CRISP-DM начинается с этапа business understanding. Что нужно бизнесу? Не просто рост (его бизнес-) метрик, а на самом деле их максимизация.
M -> max
Однако вторым этапом CRISP-DM идёт работа с данными. А данные, они такие, что:
M = M(x1, …, xn, w1, …, wk)
где x1, …, xn — известные в данных признаки, а w1, …, wk — неизвестные по данным факторы. И что делают?
Берут M’ = M’ (x1, …, xn, phi_1(x1, …, xn), …, phi_k(x1, …, xn)), без потери общности можно считать M’ = f(x1, …, xn).
И вытворяют ||M — f|| -> min.
А тут вот в чем беда. Поскольку есть ненаблюдаемые факторы, M -> max не эквивалентно f -> max!
По сути, неизвестные факторы объявляются постоянными.
M = G(w1, …, wk) + f(x1, …, xn) — стандартное разложение для неизвестных факторов. И эта вот G — а она не постоянная.

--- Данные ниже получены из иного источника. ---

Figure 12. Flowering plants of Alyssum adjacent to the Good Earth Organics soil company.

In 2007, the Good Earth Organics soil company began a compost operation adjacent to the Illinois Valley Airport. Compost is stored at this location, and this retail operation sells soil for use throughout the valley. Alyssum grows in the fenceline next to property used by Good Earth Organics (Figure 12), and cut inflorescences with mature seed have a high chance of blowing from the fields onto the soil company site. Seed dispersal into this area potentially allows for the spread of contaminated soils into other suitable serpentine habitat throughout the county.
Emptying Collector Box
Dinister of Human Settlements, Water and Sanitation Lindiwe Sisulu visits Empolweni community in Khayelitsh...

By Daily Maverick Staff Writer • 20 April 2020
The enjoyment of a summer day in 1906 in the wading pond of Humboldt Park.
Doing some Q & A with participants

У неё есть (ну или должны быть) режимы — сочетания неизвестных факторов. Можно конечно работать с частными производными по dM/dxi, но это сложно, а потом еще и многомерные интегралы брать.
Идея в следующем: идентифицировать режимы неизвестных факторов и делать модели по отдельности.

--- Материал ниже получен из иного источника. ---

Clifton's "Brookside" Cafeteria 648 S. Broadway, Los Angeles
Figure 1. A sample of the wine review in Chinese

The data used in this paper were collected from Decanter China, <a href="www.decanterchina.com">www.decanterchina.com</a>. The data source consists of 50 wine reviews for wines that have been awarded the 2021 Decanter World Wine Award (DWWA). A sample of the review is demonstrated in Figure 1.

Можно, конечно, сэмплить подвыборки без пересечений, но это сложно и ненадежно.
Я попробовал следующий пайплайн:
- В процессе обучения строим кластеризацию фичей совместно с таргетом,
- Учим классификатор от фичей к кластеру,
- На каждый кластер учим свой регрессор.
- На инференсе используем классификатор и регрессоры.
Практика показала… что подход имеет место быть. А если сделать весь этот комбайн дифференцируемым… ну это пока отложим.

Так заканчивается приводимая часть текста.